In our study no association was found with sex but few studies reported that male sex showed significantly faster progression to end-stage renal disease,²² although this association was debated by other authors because it seemed to be strongly confounded by other factors.²³ Our study showed significant association with calcium-phosphate product (r=0.31, P<0.01) and uric acid (r=0.41, P<0.001). Similar results were observed by other authors that high calcium-phosphate product was associated with an increased independent risk of disease progression in CKD subjects.²⁴ Another study was done on 80 non-diabetic patients with CKD stages II to IV, 80 kidney transplant recipients, and 32 healthy control subjects. Study results showed that serum NGAL values were significantly higher in kidney allograft recipients and in CKD patients compared with healthy controls.

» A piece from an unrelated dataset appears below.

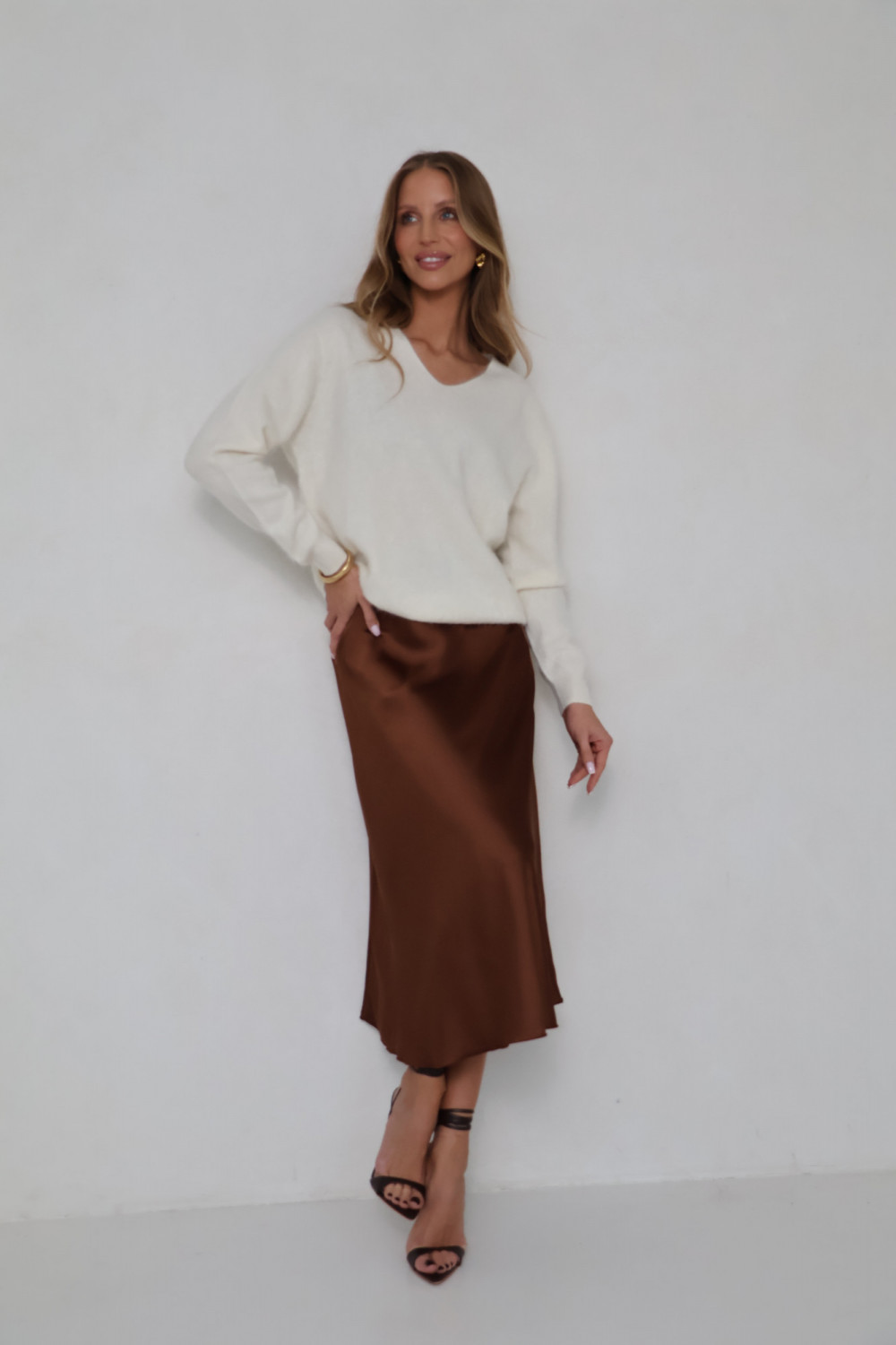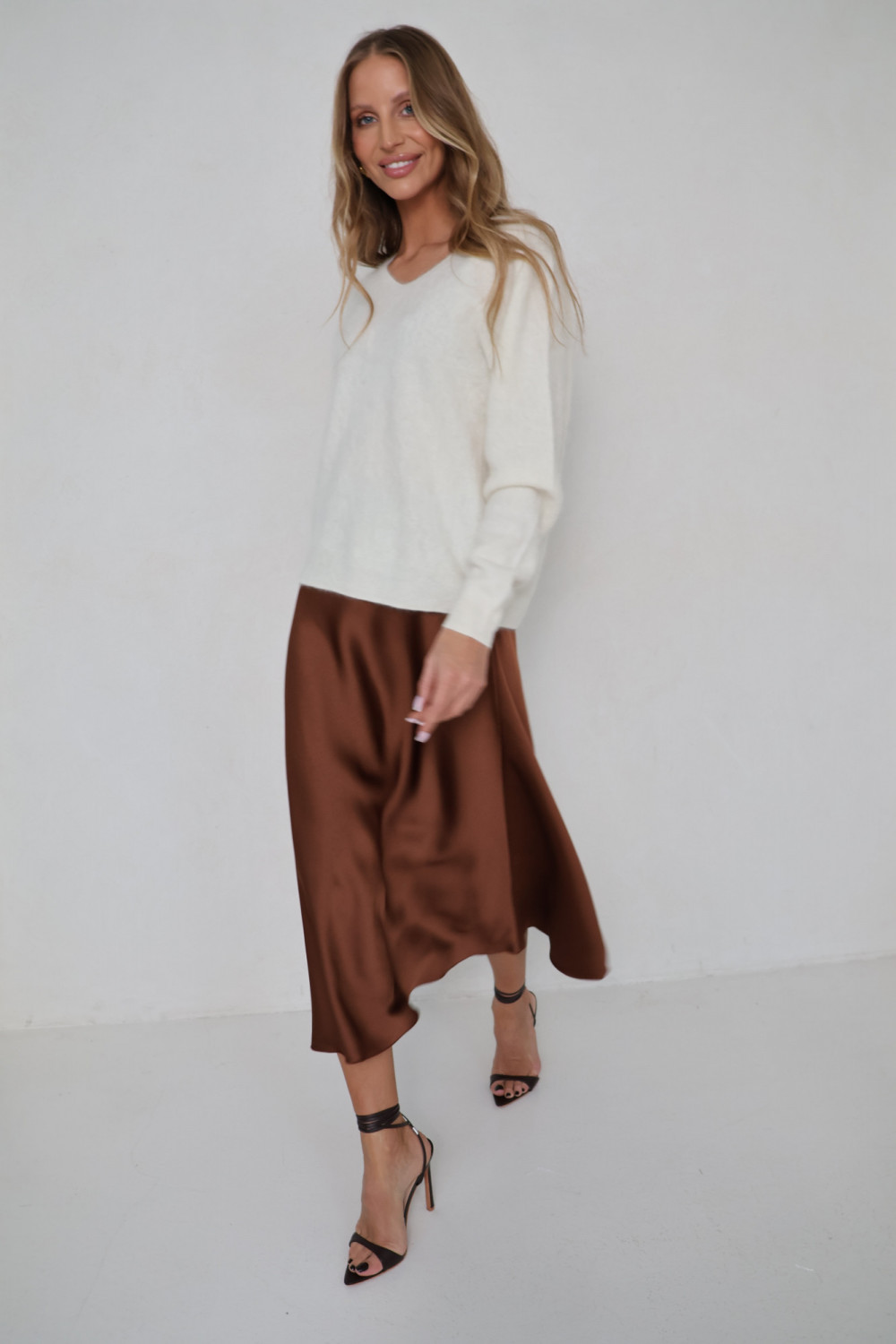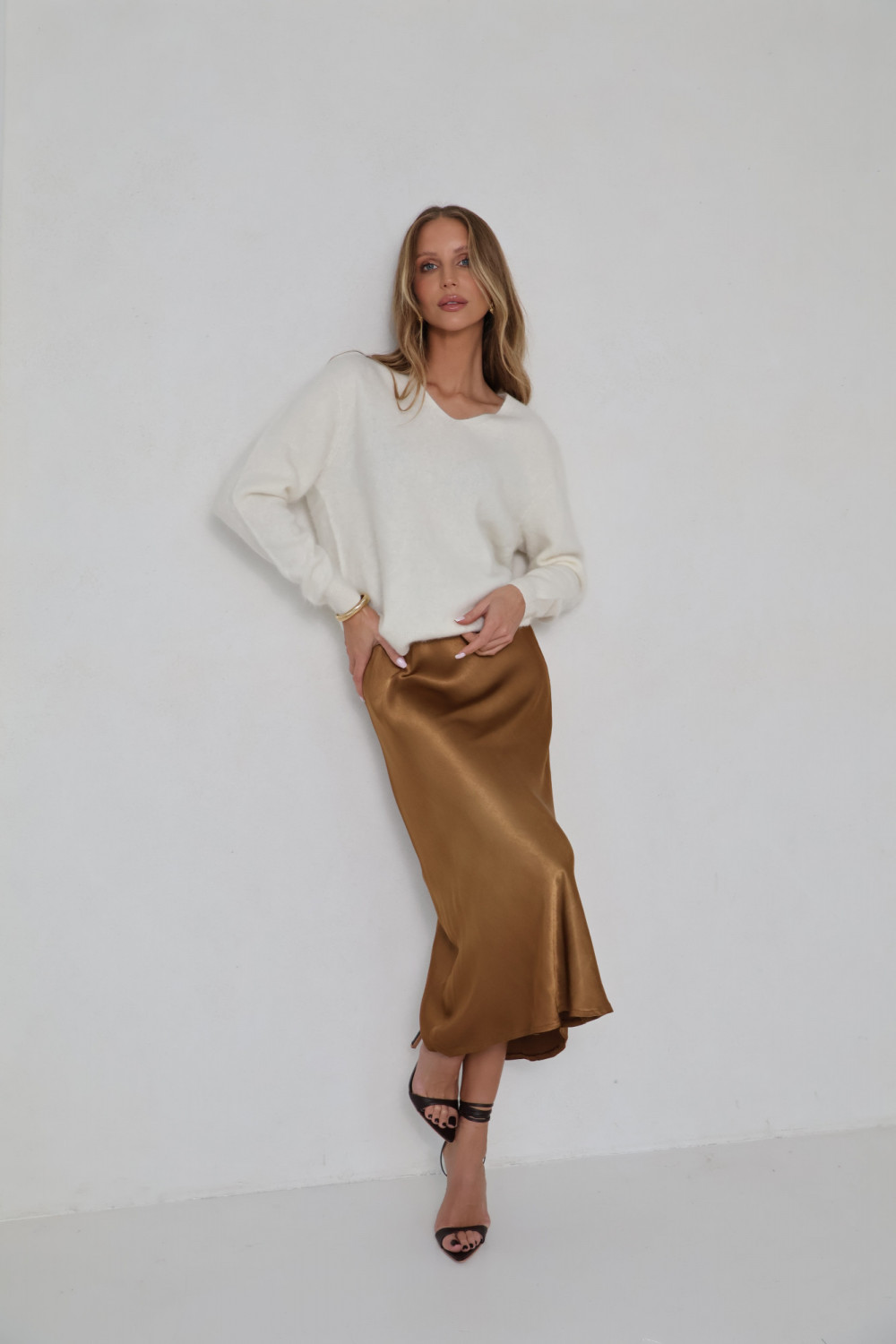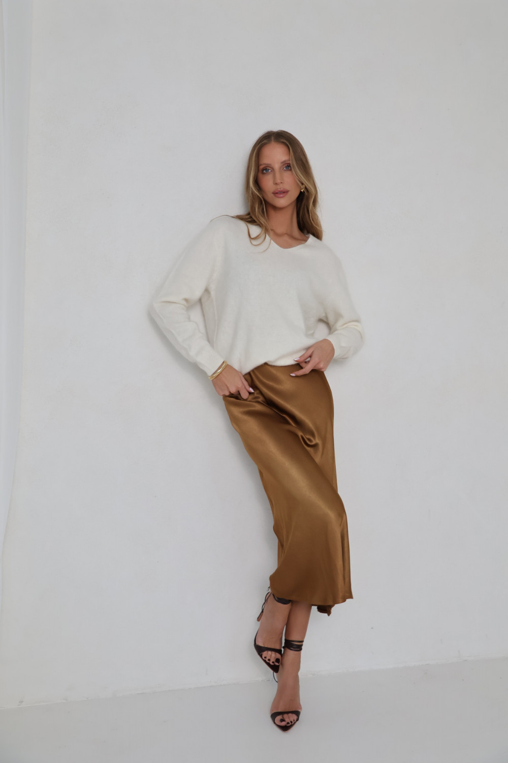 Dekolt w serek nadaje swetrowi lekkość i subtelną formę, a klasyczny krój sprawia, że model zachowuje ponadczasowy charakter. Śmietankowy kolor to neutralny, ciepły odcień, który łatwo zestawić z innymi elementami garderoby, od spodni po spódnice, pozwalając tworzyć spójne i estetyczne zestawy.

NGAL rose gradually, reaching the highest value in advanced CKD.²⁵

We determined best cut-off values to predict early stage CKD in our study. For uNGAL this value was found to be 3.51 log ng/mL, with a sensitivity of 93.08% and specificity of 71.43% in predicting the progression of CKD. In a study by Bolignano et al the best cut-off level for sNGAL was found to be 435 ng/mL (sensitivity 83.9%, specificity 53.8%).¹⁷

In our study, the best overall agreement with uNGAL was found for eGFR. Moreover, our data suggest that NGAL assay is also able to detect patients with only subclinical²⁶ or modest renal damage, which may not be revealed by significant variations in renal function test, such as serum creatinine.

Limitations of our study

Small sample size, diagnosis of myocardial infarction/angina was based on the clinical evaluation by treating physician and the cause of death was not determined by postmortem examination. It is possible that some of the sudden cardiac deaths were due to hyperkalemia rather than an acute coronary syndrome.

Conclusion

Our results indicate that uNGAL has a better prognostic value to indicate kidney impairment in CKD subjects.

Disclosure

The authors have no conflicts of interest to disclose.